PROBLEM: Beginning at the line that holds "Vykort med flygmotiv" and continuing to the last line of the data below, transcribe every line word for word, without pictures.

DATA:

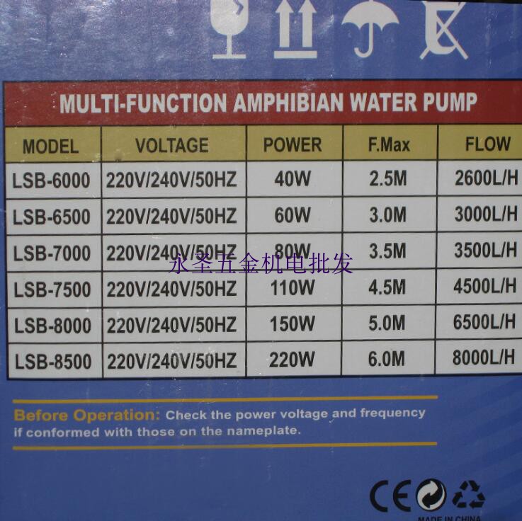 LSB-7500-8000-8500 Plastic submersible submersible fish tank AQUARIUM AERATOR Fountain Amphibious water pump
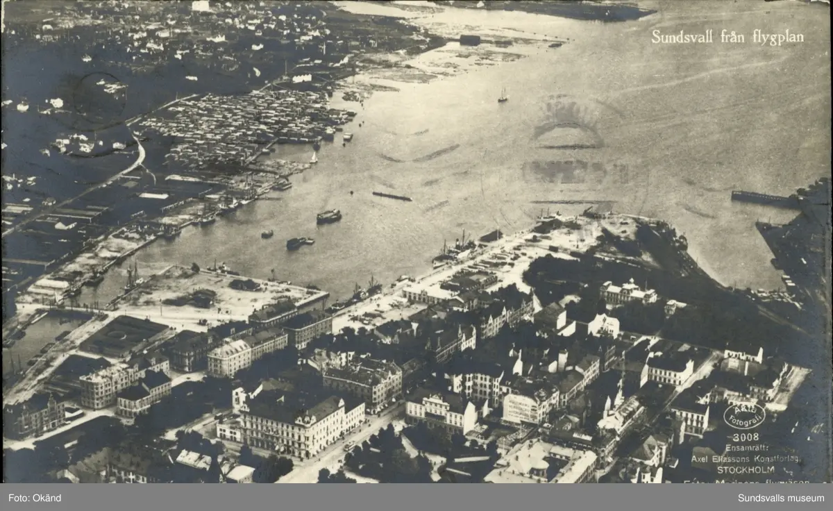 Vykort med flygmotiv över hamnen i Sundsvall.
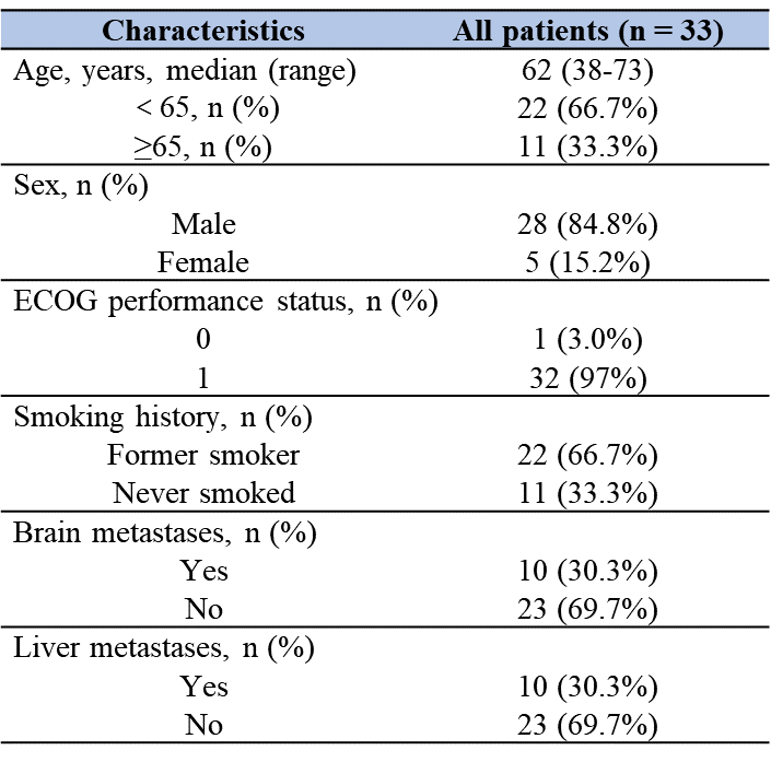 將2020年10月至2023年1月接受阿得貝利單抗聯合放化療治療的33例ES-SCLC患者納入研究分析,中位年齡為62歲(38-73歲),其中,28例患者為男性(84.8%),22例患者具有吸煙史(66.7%),32例患者ECOG PS評分為1(97%)。基線時,10例患者存在腦轉移(30.3%),10例患者存在肝轉移(30.3%)。
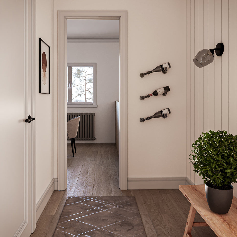 We design our products with both aesthetics and practicality in mind. Our Wall mounted Wine bottle carrier features a clever two-piece, wall-mounted system that securely holds your wine bottles at an ideal angle to preserve the cork’s moisture. The lower section gently supports the bottle’s tip while the slightly elevated waterpipe support tilts it to perfection. This industrial-inspired design not only provides optimal functionality, but also adds a touch of rugged charm to your kitchen, dining room, or home bar.

SOLUTION TO THE EXERCISE:
 Vykort med flygmotiv över hamnen i Sundsvall.
 將2020年10月至2023年1月接受阿得貝利單抗聯合放化療治療的33例ES-SCLC患者納入研究分析,中位年齡為62歲(38-73歲),其中,28例患者為男性(84.8%),22例患者具有吸煙史(66.7%),32例患者ECOG PS評分為1(97%)。基線時,10例患者存在腦轉移(30.3%),10例患者存在肝轉移(30.3%)。
 We design our products with both aesthetics and practicality in mind. Our Wall mounted Wine bottle carrier features a clever two-piece, wall-mounted system that securely holds your wine bottles at an ideal angle to preserve the cork’s moisture. The lower section gently supports the bottle’s tip while the slightly elevated waterpipe support tilts it to perfection. This industrial-inspired design not only provides optimal functionality, but also adds a touch of rugged charm to your kitchen, dining room, or home bar.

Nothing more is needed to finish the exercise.